* SUPPLIED DATA *

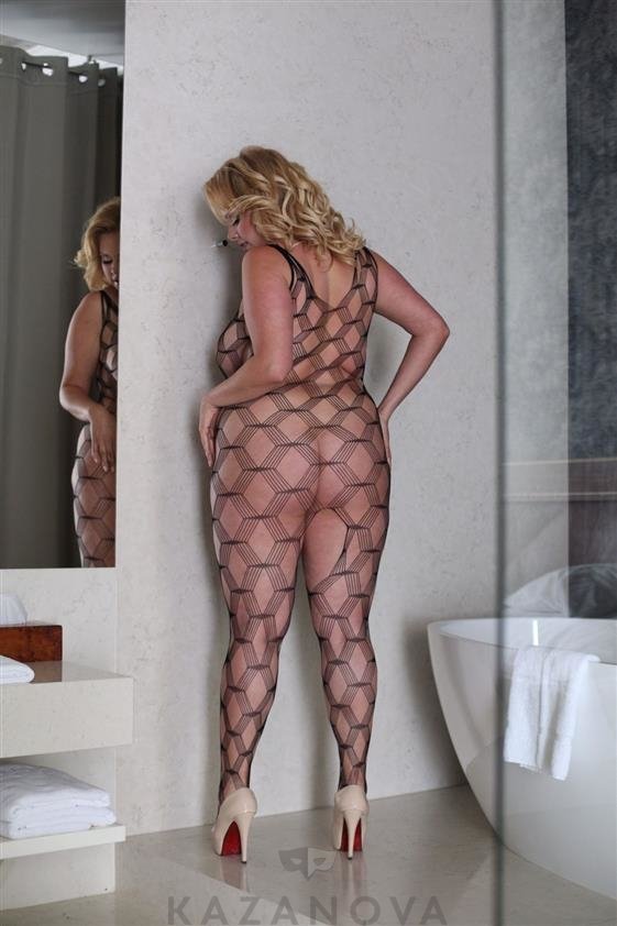 Комбинезон плотно облегает тело, подчеркивает грудь, привлекает внимание к тонкой талии и стройным бедрам. Есть доступ к интимной зоне.
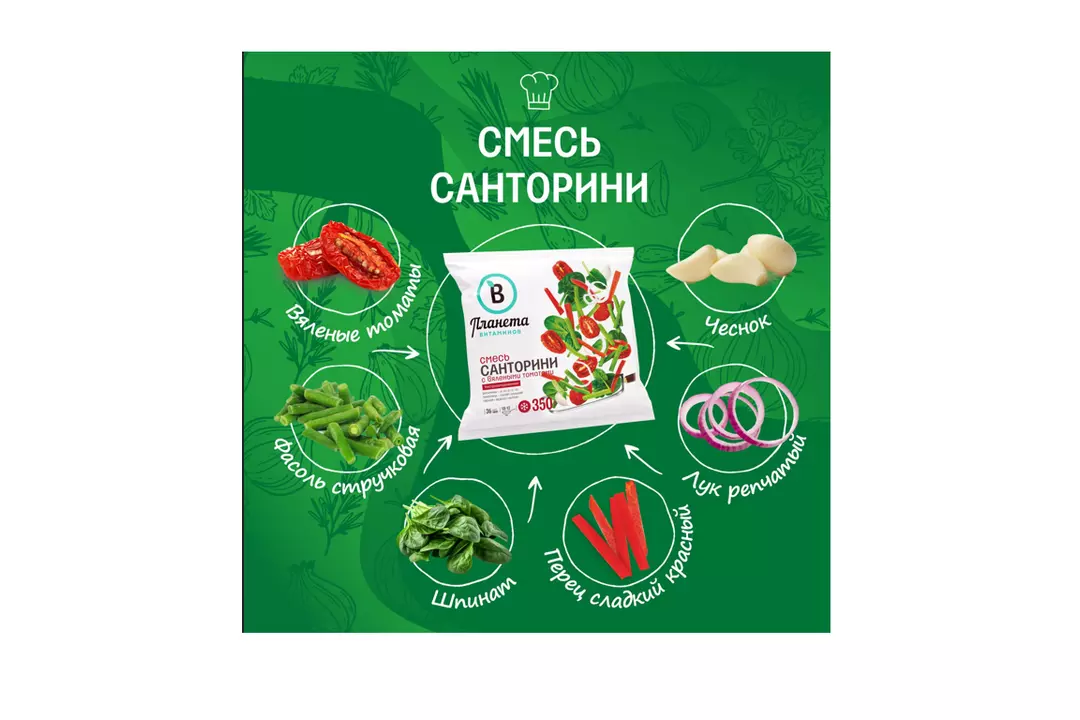Микс овощей вдохновлен средиземноморской греко - итальянской кухней. Санторини – это живописный греческий остров в Средиземном море. Создав одноименный продукт, мы стремились передать эмоции местной кухни - яркой, ароматной, насыщенной вкусами свежих овощей, зелени и пряностей. Вяленые в печи томаты в сочетании со сладким перцем дают яркий вкус. Страна-производитель Россия
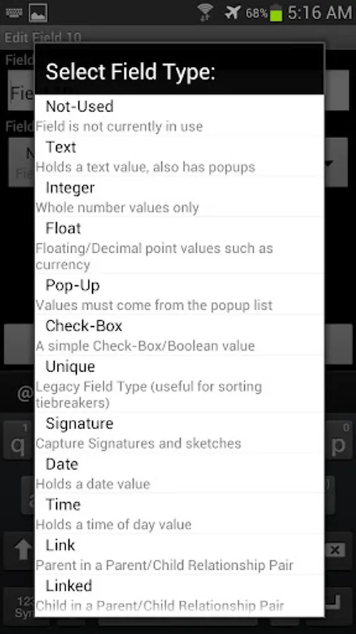 With your data stored locally, HanDBase lets you design the databases to meet your specifications. When designing your database, choose from field types including:
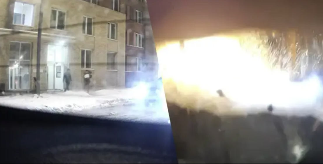 乌克兰独立新闻社曝光的视频画面显示,两人前后从一栋楼里出来,随后发生爆炸,现场出现强光。
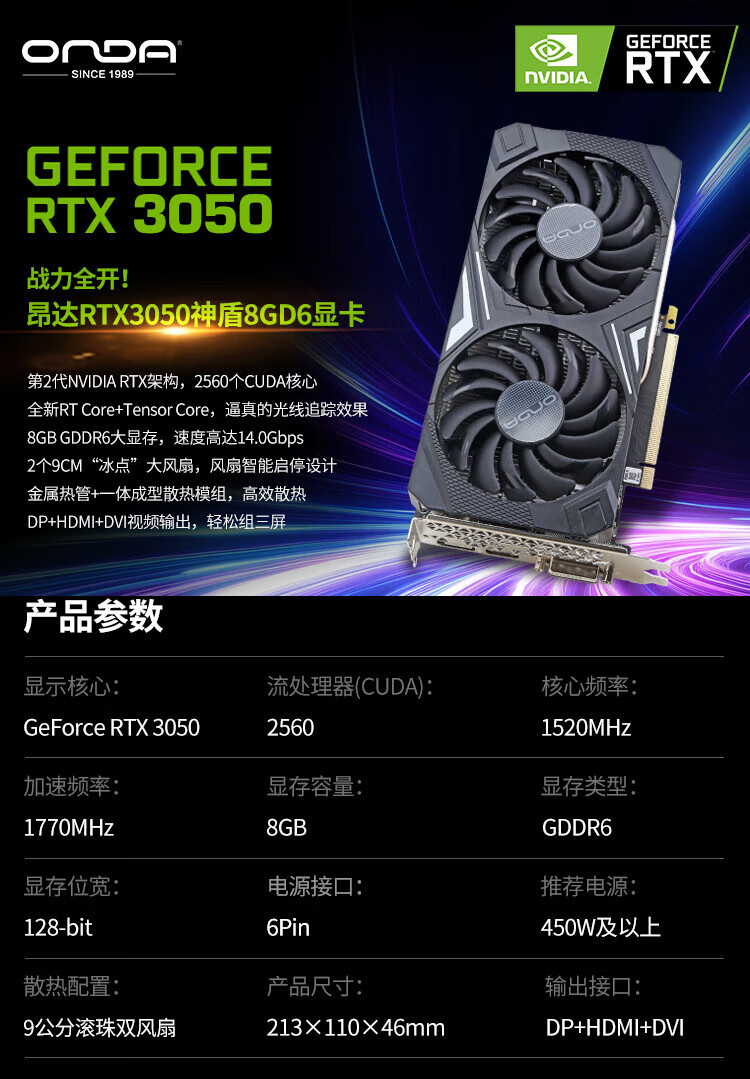 ONDA RTX3050 Aegis 8GD6 V2 8GB large video memory GDDR6 E-sports game design intelligent learning professional computer graphics card
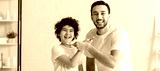 Positive arabian father and son holding toothbrushes and toothpaste, banner
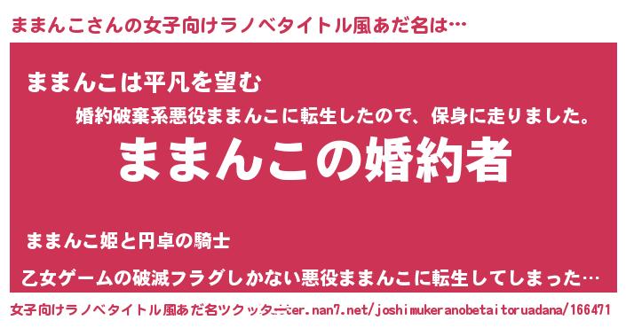 | 胡散臭い通販商品みたいなあだ名 | 『運命の人と巡り会える高級そうな絵画…その名も「ままんこ」』 |
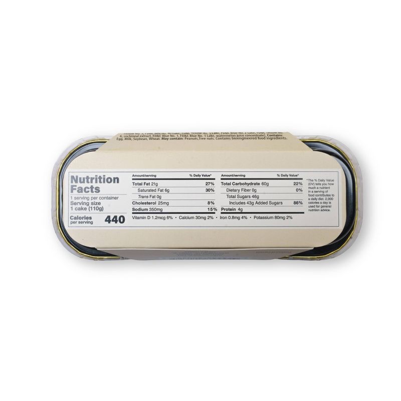 Cake [water, bleached wheat flour, sugar, liquid whole egg, canola oil, baking powder, propylene glycol mono fatty acid ester, mono and diglycerides, whey protein concentrate, dried egg white, salt, n…
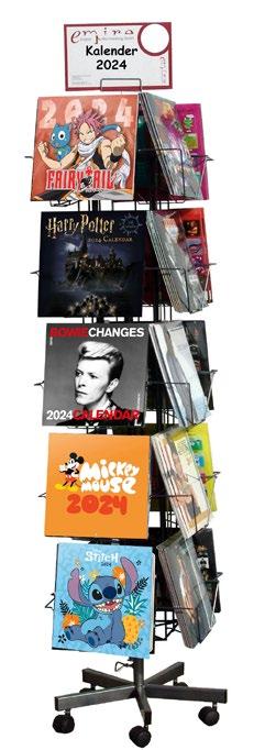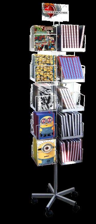 Bei Abnahme von 200 St. stellen wir einen Metall-Warenträger zur Verfügung. Es handelt sich um einen Bodendreher mit Platz für 20 Titel. Die Lieferung erfolgt frei Haus. Alle Kalender sind einzeln nachbestellbar.
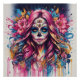 Colourful Sugar Skull lady done in blue, pink and orange.
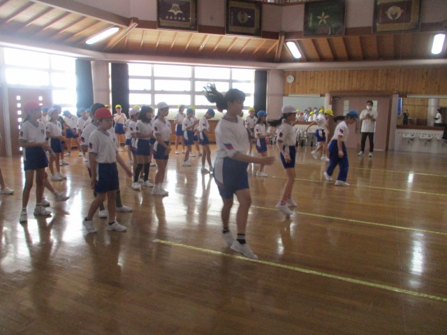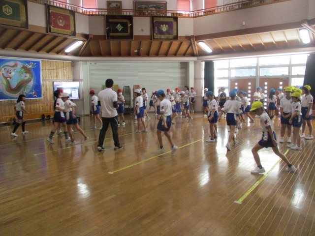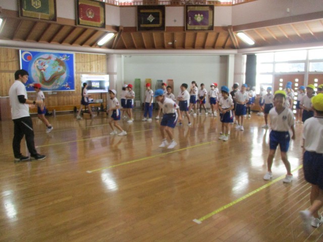 音楽に合わせて体を動かしました。ラインを踏まないように気を付けて、両足でジャンプしたり、クロスしたりするなど、リズムに合わせてさまざまな動きに挑戦しました。

* WORK REQUEST *
A word-for-word transcript of the entries above is needed, with pictures removed.

* TASK SOLUTION *
 Комбинезон плотно облегает тело, подчеркивает грудь, привлекает внимание к тонкой талии и стройным бедрам. Есть доступ к интимной зоне.
Микс овощей вдохновлен средиземноморской греко - итальянской кухней. Санторини – это живописный греческий остров в Средиземном море. Создав одноименный продукт, мы стремились передать эмоции местной кухни - яркой, ароматной, насыщенной вкусами свежих овощей, зелени и пряностей. Вяленые в печи томаты в сочетании со сладким перцем дают яркий вкус. Страна-производитель Россия
 With your data stored locally, HanDBase lets you design the databases to meet your specifications. When designing your database, choose from field types including:
 乌克兰独立新闻社曝光的视频画面显示,两人前后从一栋楼里出来,随后发生爆炸,现场出现强光。
 ONDA RTX3050 Aegis 8GD6 V2 8GB large video memory GDDR6 E-sports game design intelligent learning professional computer graphics card
 Positive arabian father and son holding toothbrushes and toothpaste, banner
 | 胡散臭い通販商品みたいなあだ名 | 『運命の人と巡り会える高級そうな絵画…その名も「ままんこ」』 |
 Cake [water, bleached wheat flour, sugar, liquid whole egg, canola oil, baking powder, propylene glycol mono fatty acid ester, mono and diglycerides, whey protein concentrate, dried egg white, salt, n…
 Bei Abnahme von 200 St. stellen wir einen Metall-Warenträger zur Verfügung. Es handelt sich um einen Bodendreher mit Platz für 20 Titel. Die Lieferung erfolgt frei Haus. Alle Kalender sind einzeln nachbestellbar.
 Colourful Sugar Skull lady done in blue, pink and orange.
 音楽に合わせて体を動かしました。ラインを踏まないように気を付けて、両足でジャンプしたり、クロスしたりするなど、リズムに合わせてさまざまな動きに挑戦しました。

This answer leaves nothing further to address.